18 Mistakes That Kill Startups

4 min read

Being in a startup for a while, I have done a lot of mistakes, and wrong decisions. So, from my experiences in the past here are 18 mistakes that Entrepreneurs make which can be the major reason that may kill a startup.

  1. Single Founder

Today, you cannot rely on one particular partner or an expertise. You should be having more than one partner with multiple specialties. So if you are planning to start a business single handed and on your own, then you are bound to fall. Nowadays, business requires people with expertise in various fields such as technology, sales, finance, production, operations, etc.

  1. Bad Location

I have seen people launching a product for US customers by sitting in India. You need to have a local partner as well as local presence. This helps you to understand the expectations from end users in a better way.

  1. Marginal Niche

By this, it means that your product doesn’t save money, operating costs are high or your profit margins are low. If this is the case, then it is not far off that your startup is going to fail.

  1. Derivative Idea

Derivative idea means that startups keep on changing their ideas every now and then. By changing your basic idea every often, you kill the chances of your startup getting successful.

  1. Obstinacy

This refers to getting a lot of obstacles while running a startup. If there are a lot of obstacles and you are not able to tackle them, it is surely going to kill your business.

  1. Hiring Bad Resources

You need to be very careful while hiring resources. Hiring bad resources for programming, operations, accounts and sales can impact startup badly due to limited funds and resources.

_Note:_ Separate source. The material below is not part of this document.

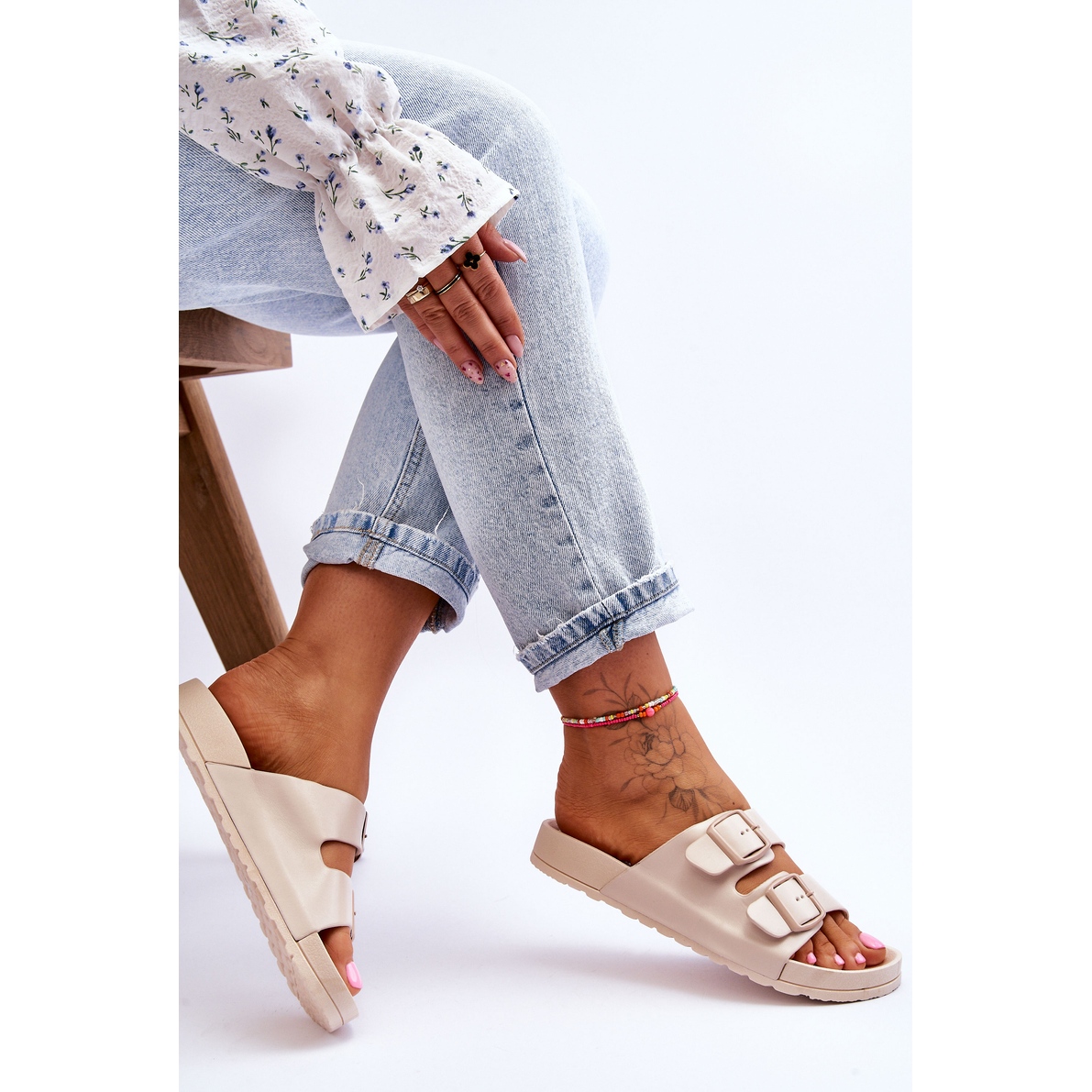 La semelle intérieure en éco-cuir augmente en outre le confort d'utilisation, assurant une marche douce et confortable. La semelle en plastique est durable et offre une adhérence adéquate, rendant chaque pas sûr et stable. Un avantage supplémentaire est une petite plate-forme d'une hauteur de 2,5 cm, qui ajoute un look classique, mais assure également un confort de marche.

  1. Choosing the Wrong Platforms

If you are a technology startup and you don’t use proper platform, then you are bound to fail. Choosing the right platform for your technology is one of the main pillars of a startup sustainability.

  1. Slowness in Launching

You should not delay the launch of your startup/product. By delaying the launch, you will miss out on a lot of opportunities in the market and lose several customers.

  1. Launching Too Early

You should not launch a product/startup if it is not 100% ready. You may think of launching a beta version of the product to see the user response and then launch your product at the right time.

  1. Having No Specific User in Mind

I have seen several startups that do not have a specific user in mind while targeting. This might waste your efforts and you will not be able to reach the relevant audience. If you are not talking to relevant audiences there are high chances of getting misleaded.

  1. Raising Too Little Money

If you are raising too little money and investing a lot, then the chances of your startup getting killed are high. As your little money will soon be exhausted and if you don’t have a plan to raise it back its difficult to run the show.

  1. Spending Too Much Money

Every startup should keep a track of how much money it is spending. You should not spend more than your profit. If that is the case, then you need to rethink on your strategy.

  1. Raising Too Much Money

Now, if you raise a lot of money and think of selling your startup, then nothing is left. So, you need to maintain a balance of your income – Not too less and not too high.

  1. Poor Investor Management

If you are not able to generate profit for your organization as well as your investor, then your startup is going to fall. A successful startup is the one, which has a good investor relationship management.

  1. Sacrificing Users to (Supposed) Profit

A startup should always think of their users. If you are sacrificing your users to generate more profit (which you are not sure of), then this is going to kill your startup.

  1. Not Wanting to Get your Hands Dirty

This means too much of delegation without expertise. For example, if you are not doing nothing and handing over all the responsibilities to others, then your startup is in trouble. Before you delegate the responsibility ensure that you have a proper road map and review mechanism set.

  1. Fights Between Founders

Ego clashes or fights between founders of the same organizations can drown the business. You should avoid this by proper communication and having timely discussions. Thus set proper division of role and responsibility. Complement each other rather than Compete.

  1. A Half-hearted Effort

Lastly, if you are working half heartedly in your organizations, then the obvious result would be the death of that startup.
If you want to learn swimming you have to get into the water, you can’t learn swimming keeping yourself dry.